Forgive me if I write a bit hyperbolic this afternoon, but I want to get this out fast. I will write about this at length sometime in the future, but for now this really grinds my gears: a recent Safe Haven Baby Box Tik Tok , courtesy of the company’s founder and CEO Monica Kelsey (who in case you’re wondering happens to be adopted).
Mrs. Kelsey TikToks that adopted people who oppose baby boxes want to force people to parent. This isn’t the first time that Mrs. Kelsey has said such unmitigated crap. Of course, that is rich coming from a vocal forced birther, but I won’t go there today.
But there are . . . there are people out there that hate adoption simply because they feel that these kids should be raised by their parents. Or, you know . . . like our boxes. I have people . . . that the adoption people say, ‘Well, these kids need to know their heritage, or these kids need to know their biological parents.’ No, hell, they don’t. I would rather have my life than know who my parents are. Which is it? It’s a dumpster and I’m going to die or a baby box and I’m not going to know my parents. I think it’s a pretty easy choice for anyone in my situation.
Well, there are millions of people around the world in Mrs. Kelsey’s “situation”— adopted like her—that disagree with her. If this were only her personal opinion it wouldn’t be a problem. Unfortunately, Mrs. Kelsey, a product of American evangelism, has chosen to weaponize and corporatize her opinion in ways that a few years ago would be unthinkable: to promote and de-stigmatize anonymous baby abandonment. Just stick it in a box-in-the-wall, and walk away. You’re a hero!
Adopted people across the adoptee and political spectrum—from very pro-adoption to virulent adoption haters—oppose Safe Haven Baby Boxes. If Mrs. Kelsey were plugged into AdoptionLand and AdopteeSocialMedia, instead of hanging out in her echo chamber, she would know that, and maybe even figure out why. Instead, she prefers to dismiss us as “haters” who enjoy stories of discarded and dead babies because . . . I dunno . . . she is the model of the grateful adoptee, and the adoptee rights movement isn’t. Instead of being happy that we avoided the dumpster or worse, adoptee rights advocates are bitter, angry bastards and ungrateful homewreckers that hate our adoptive parents. At best we are anomalies who just got a bad adoption break. Or maybe just cranks. We should look on the bright side. We’re alive.
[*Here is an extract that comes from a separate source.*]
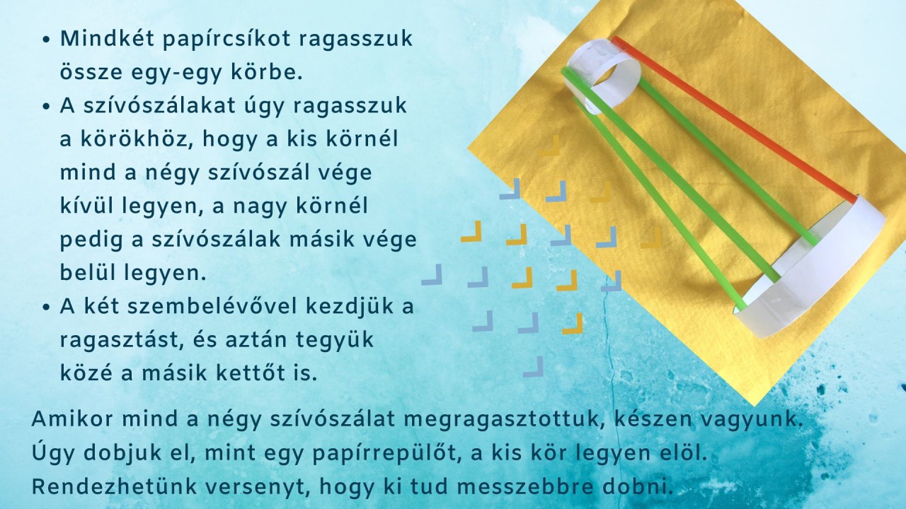 ? Mindkét papírcsíkot ragasszuk össze egy-egy körbe. A szívószálakat úgy ragasszuk a körökhöz, hogy a kis körnél mind a négy szívószál vége kívül legyen, a nagy körnél pedig a szívószálak másik vége belül legyen. A két szembelévővel kezdjük a ragasztást, és aztán tegyük közé a másik kettőt is. (Nem kell, hogy nagyon pontos legyen). Amikor mind a négy szívószálat megragasztottuk, készen vagyunk, úgy dobjuk el, mint egy papírrepülőt, a kis kör legyen elöl. Rendezhetünk versenyt, hogy ki tud messzebbre dobni.

Here’s a newsflash: never once have I heard anyone, no matter their adoption belief system, say that someone should be forced to parent. That dictum belongs to forced birthers.
And nobody believes that children belong in abusive homes run by their biological parents because they are bios.
Adopted people do not want discarded and dead babies.
Nor, unlike Mrs. Kelsey, do we want to create more adoptees.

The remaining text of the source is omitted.